Frightened, the guard pulled the paralo-ray gun out of its holster, but Astro quickly stepped in and sank his fist deep into the guard's stomach. The man dropped like a stone. Astro grinned and turned his back to walk toward the heater. He heard the other workers begin to chatter excitedly, but he didn't pay any attention to them.
"Astro! Astro!" His little assistant ran up beside him. "You hit a division guard!"
"I did, huh?" replied the big cadet in an innocent tone. "What kind of a division?"
"Don't you know? Venus has been divided into areas called divisions. Each division has a chief, and every Venusian citizen in that division is under his personal jurisdiction."
"Uh-huh," said Astro vaguely. He climbed up on to the machine and began taking off the outer casing.
"The best men in the division are made the Division Chief's personal guards."
"What happens to the second and third and fourth best men?"
"Well, they're given jobs here according to their knowledge and capacities."
"What was your job before you came here?"
"I was a field worker on my chief's plantation."

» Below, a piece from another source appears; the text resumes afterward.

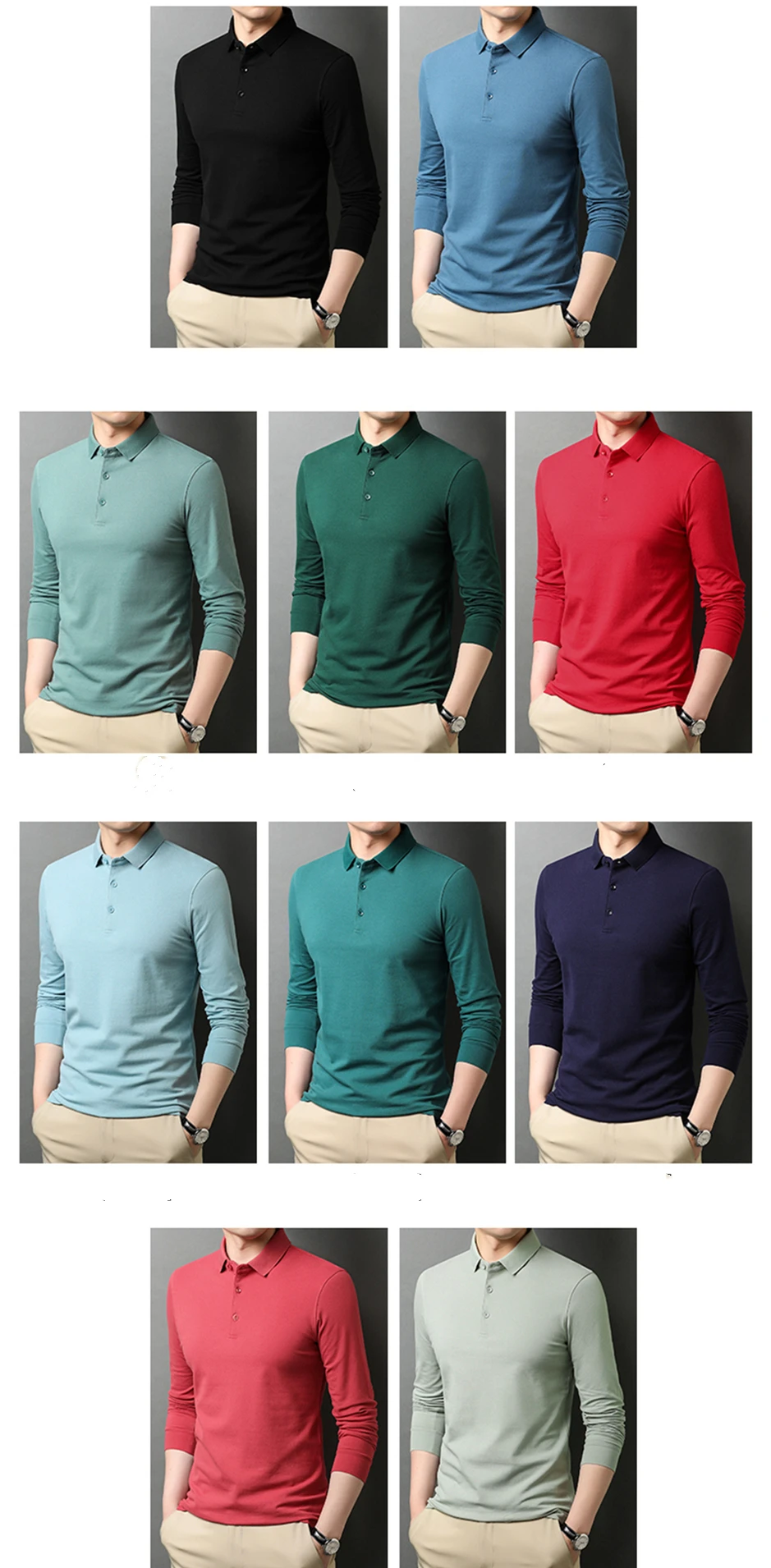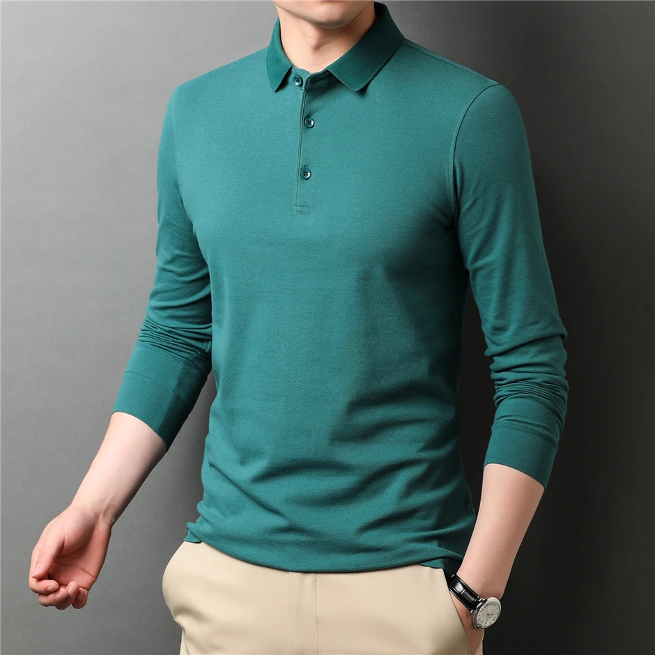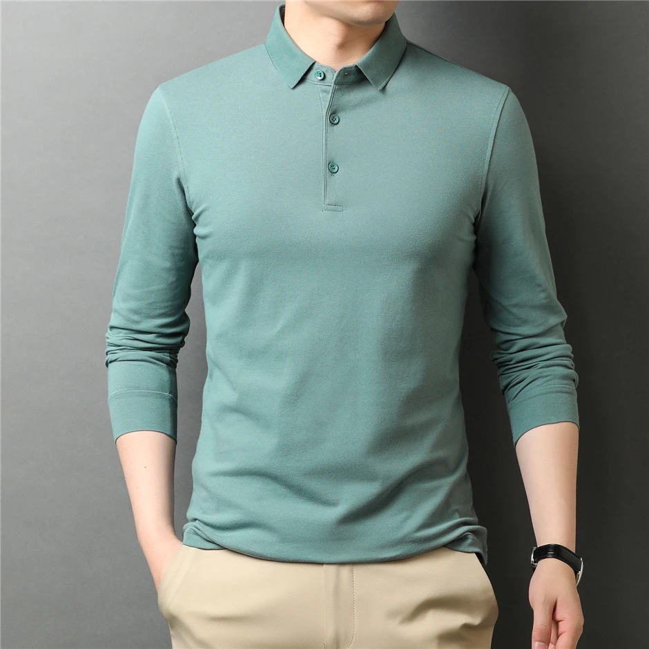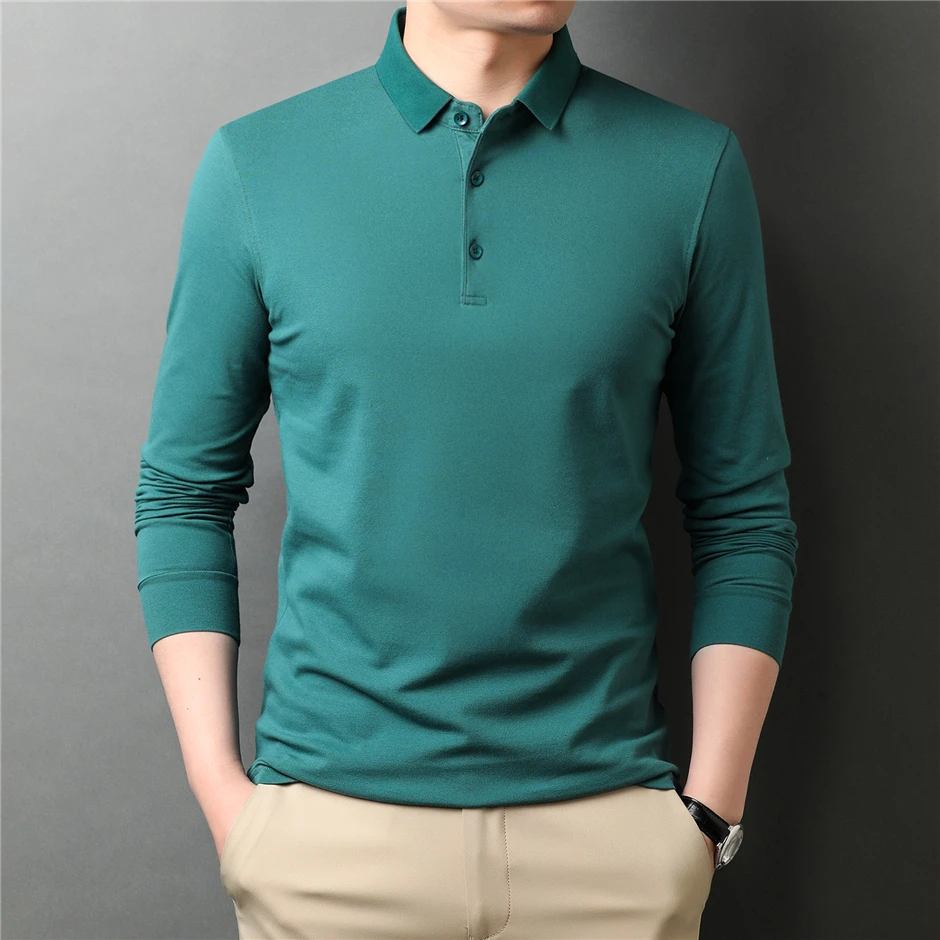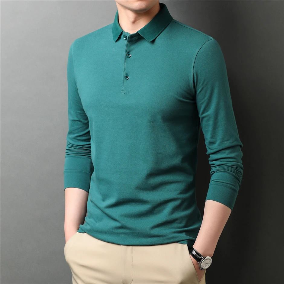 COODRONY Pure Color Long Sleeve Cotton Polo-Shirt Men Brand Clothing Spring Autumn Classic Business Casual T Shirts Homme Z5120

"Why did you join?" asked Astro. "Did you think it better to have Venusians ruling Venus, instead of belonging to the Solar Alliance?"
"I didn't think about it at all," admitted the little man. "Besides, I didn't join. I was recruited. My chief just put me on a ship and here I am."
"Well, what do you think of it, now that you're here?" asked Astro. He began running his fingers along a few of the valves, apparently paying no attention to the guard who was just now staggering to his feet.
The little assistant paused and considered Astro's question. Finally he replied weakly, "I don't know. It's all right, I guess. It's better here in the shops than in the caves where the others go."
"Others? What others?"
"Those that don't like it," replied the man. "They're sent to the caves."
"What caves?"
"Up in the cliff. The tunnels—" He suddenly stopped when an angry shout echoed in the machine shop. The guard Astro had hit rushed up. He turned to several workmen near by. "Take this blabbering idiot to the caves!" he ordered angrily.
Astro slowly climbed down from the machine and faced the guard menacingly. As the guard's finger tightened on the trigger of his paralo-ray gun, the foreman suddenly rushed up and knocked the gun out of his hand. "You fool! You stiffen this man and we'll be held up in production for hours!"
"So what!" sneered the guard.
"Lactu and your Division Chief will tell you so what!" barked the foreman. He turned to Astro. "And as for you, if you try anything like that again, I'll—"
"You won't do a thing," said Astro casually. "I'm the best man you've got and you know it. Lactu knows it too. So don't threaten me and keep these green space jerks away from me! I'll fix your machines, because I want to, not because you can make me!"
The foreman eyed the big cadet curiously. "Because you want to? You've changed your tune since you first came here."
"Maybe," said Astro. "Maybe I like what I see around here. It all depends."
"Well, make up your mind later," barked the foreman. "Now get that machine fixed!"
"Sure," said Astro simply, turning back to the machine and starting to whistle. Strangely enough, he was happy. He was a prisoner, but he felt better than he had in days. Just knowing that Tom and Major Connel were right across the canyon gave him a surge of confidence. Working over the machine quickly, surely, the big cadet began to formulate a plan. Now was the time! They were together again. Now was the time to escape!